• [AIM OF THE TASK]:
An exact transcription is needed, starting at the line containing "нтастика, угодила мне" and running through the last line of the records, with every picture left out.

• [Data excerpts]:
★ ★ ★ ★
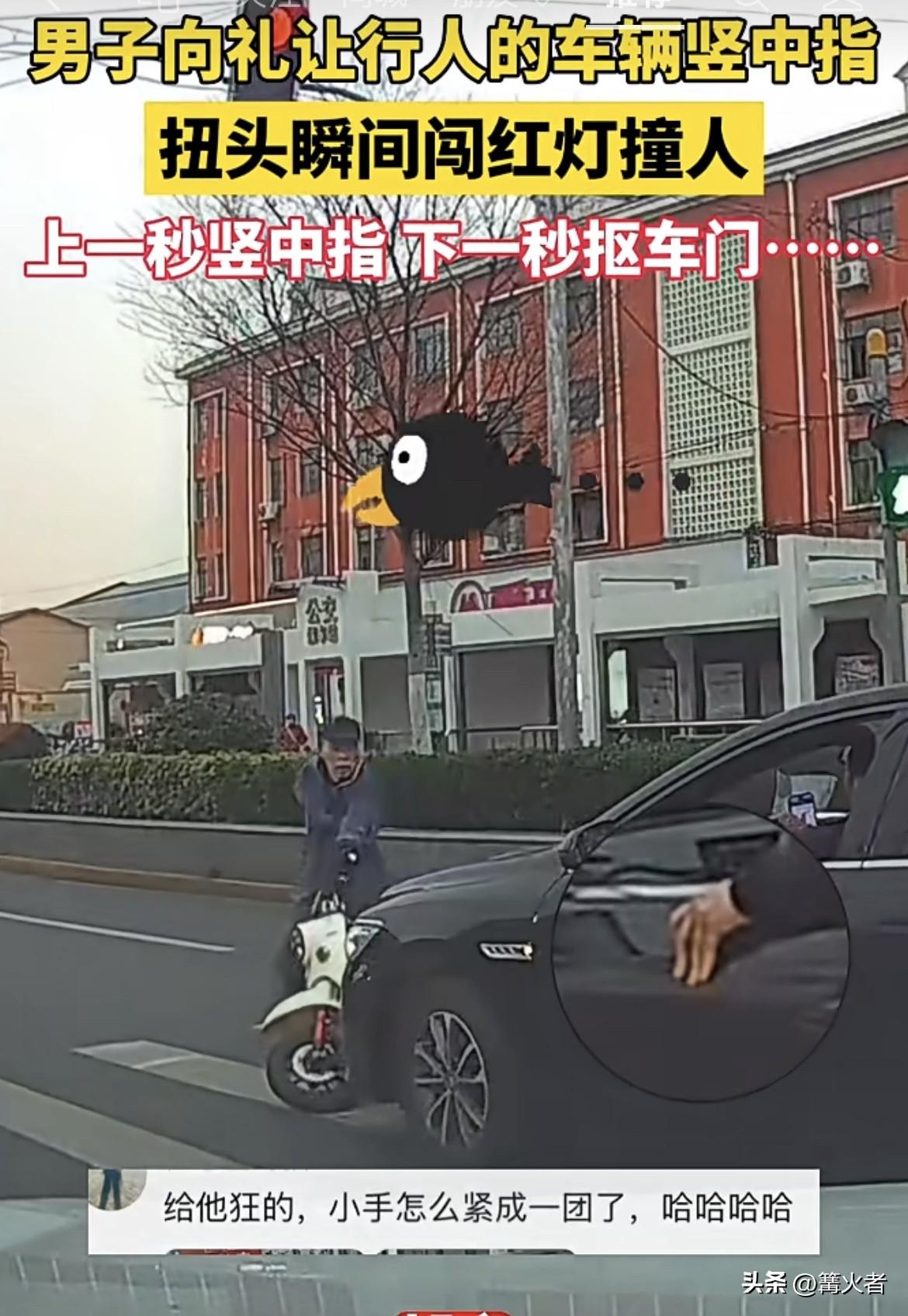 女司机在斑马线前停车礼让行人,可后面黑车司机倒好,觉得“堵路”,疯狂鸣笛、强行变道超车,还对女司机竖中指、骂骂咧咧,结果乐极生悲,这司机光顾着发泄,没留意前方斑马线,直接撞上骑电动车的大爷。还好车速慢,大爷反应快跳车,没受伤,就是车有点损伤。
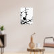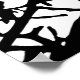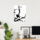 This contemporary fine art poster features a black and white modern abstract pattern of a silhouette Dark-eyed Junco (Junco hyemalis) perched on a bare branch high in a tree. This bird is actually a kind of small, gray and white sparrow.
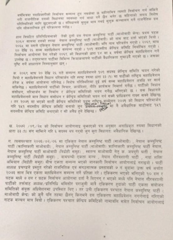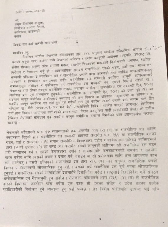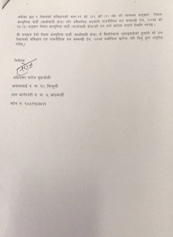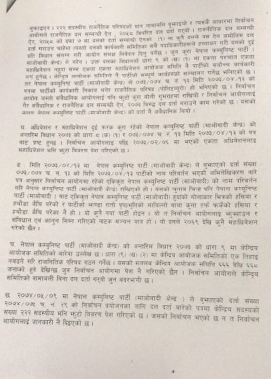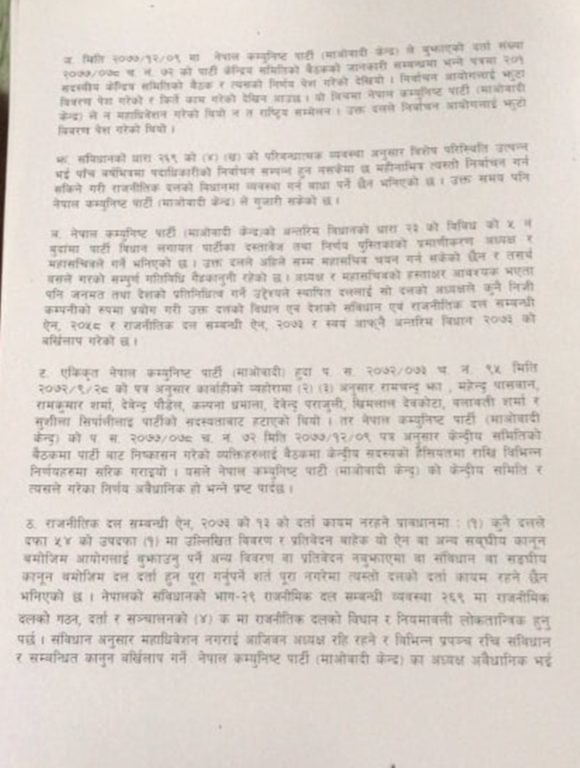 ‘संविधानअनुसार महाधिवेशन नगराई आजीवन अध्यक्ष रहिरहने र विभिन्न प्रपञ्च रची संविधान र सम्बन्धित कानुन बर्खिलाप गर्ने नेपाल कम्युनिस्ट पार्टी (माओवादी केन्द्र)का अध्यक्ष अवैधानिक भइसकेका छन् र नेपालको संविधानको भाग–२९ को २०६९ को (४) (ख)को व्यवस्थाअनुसार नेपाल कम्युनिस्ट पार्टी (माओवादी केन्द्र पनि अवैधानिक भएकोले राजनीतिक दलसम्बन्धी ऐन, २०७३ को १३ (१) अनुसार नेपाल कम्युनिस्ट पार्टी (माओवादी केन्द्र)को दल दर्ता कायम नरहने स्थिति रहन्छ । यी तथ्यहरु हेर्दा नेपाल कम्युनिस्ट पार्टी (माओवादी केन्द्रले वैधानिकता गुमाइसकेको हुनाले सो दल नेपालको संविधान एवं राजनीतिक दलसम्बन्धी ऐन, २०७३ बमोजिम खारेज गरिदिनुहुन अनुरोध गर्दछु,’ आयोगमा बुझाइएको निवेदनमा भनिएको छ ।
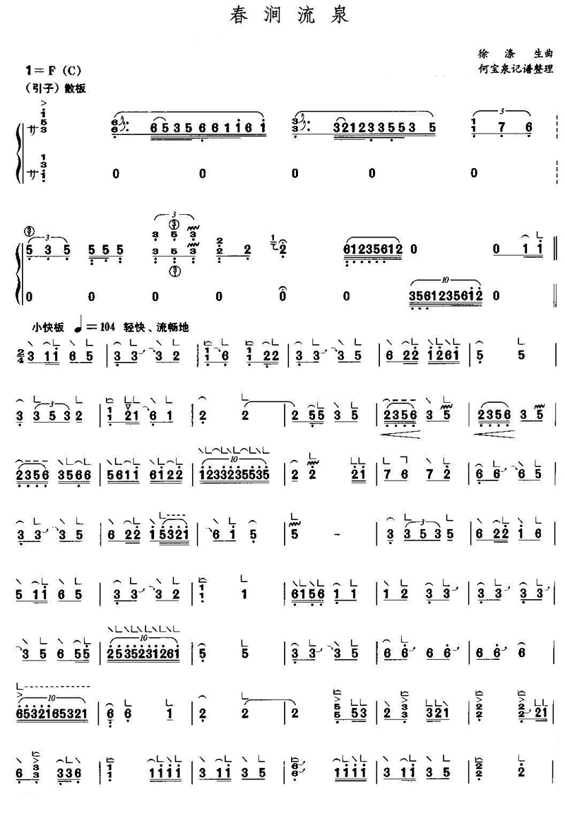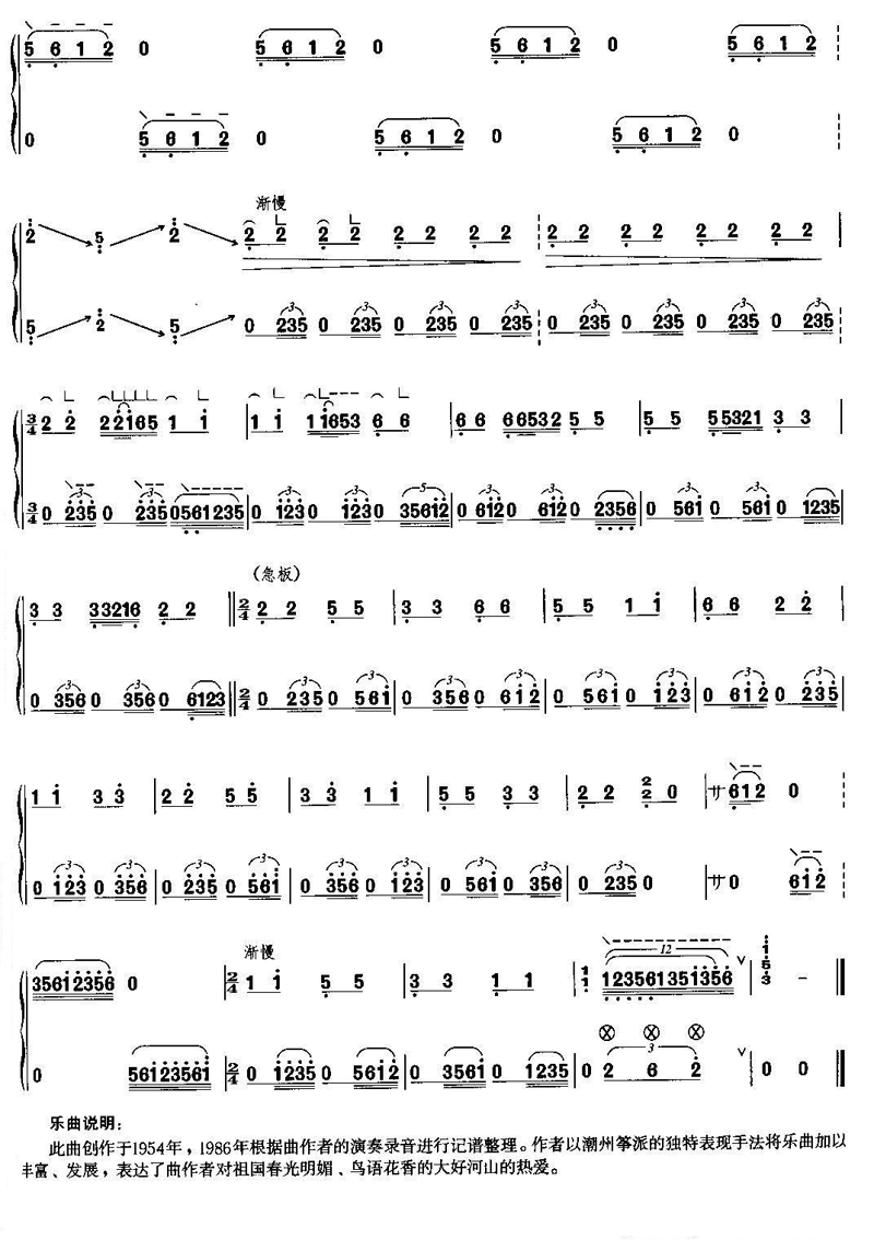 《春涧流泉》古筝谱 未知
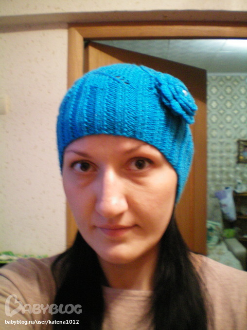 нтастика, угодила мне на все 1000% Я честно привереда, но шапка превзошла все мои ожидания, низкий поклон Катюш и большущее спасибо!!!! Вот она... Еще надо отметить, она вложила к шапочке вязанный цветочек, ТАК ПРИЯТНО!!!!
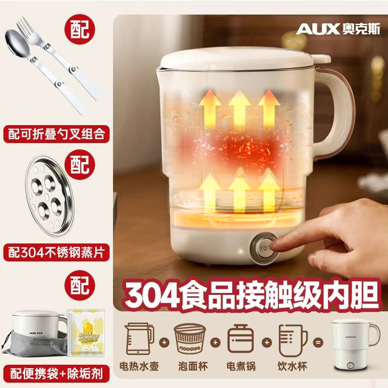 Портативный складной чайник-белый [внутренний бак 304 с отпаривающим листом]
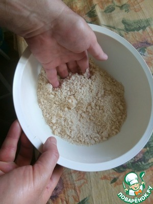 Режем на кубики сливочное масло. Оно не должно быть слишком мягким, ни слишком твердым, потому что его надо очень быстро перетереть руками вместе с сухими ингредиентами.
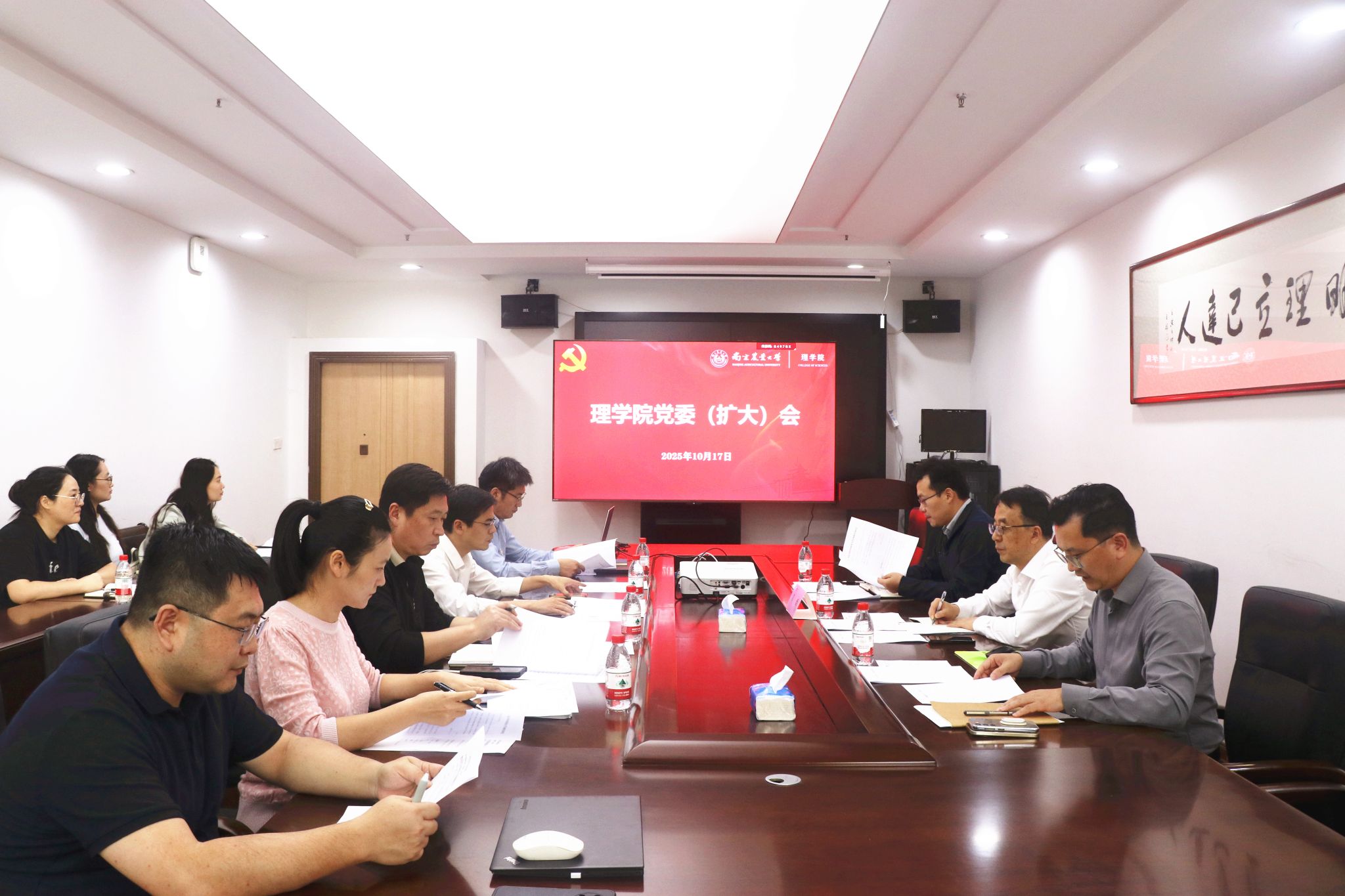 10月17日下午,买球体育官方网站党委(扩大)会议暨党委中心组理论学习会和党政联席会在教四楼B211召开。校党委常委吴群到会指导,院党委书记李日葵主持会议,学院全体党委委员和领导班子成员参加会议,学院办公室全体成员列席会议。
★ ★ ★ ★
• [RESPONSE TO THIS EXERCISE]:
 нтастика, угодила мне на все 1000% Я честно привереда, но шапка превзошла все мои ожидания, низкий поклон Катюш и большущее спасибо!!!! Вот она... Еще надо отметить, она вложила к шапочке вязанный цветочек, ТАК ПРИЯТНО!!!!
 Портативный складной чайник-белый [внутренний бак 304 с отпаривающим листом]
 Режем на кубики сливочное масло. Оно не должно быть слишком мягким, ни слишком твердым, потому что его надо очень быстро перетереть руками вместе с сухими ингредиентами.
 10月17日下午,买球体育官方网站党委(扩大)会议暨党委中心组理论学习会和党政联席会在教四楼B211召开。校党委常委吴群到会指导,院党委书记李日葵主持会议,学院全体党委委员和领导班子成员参加会议,学院办公室全体成员列席会议。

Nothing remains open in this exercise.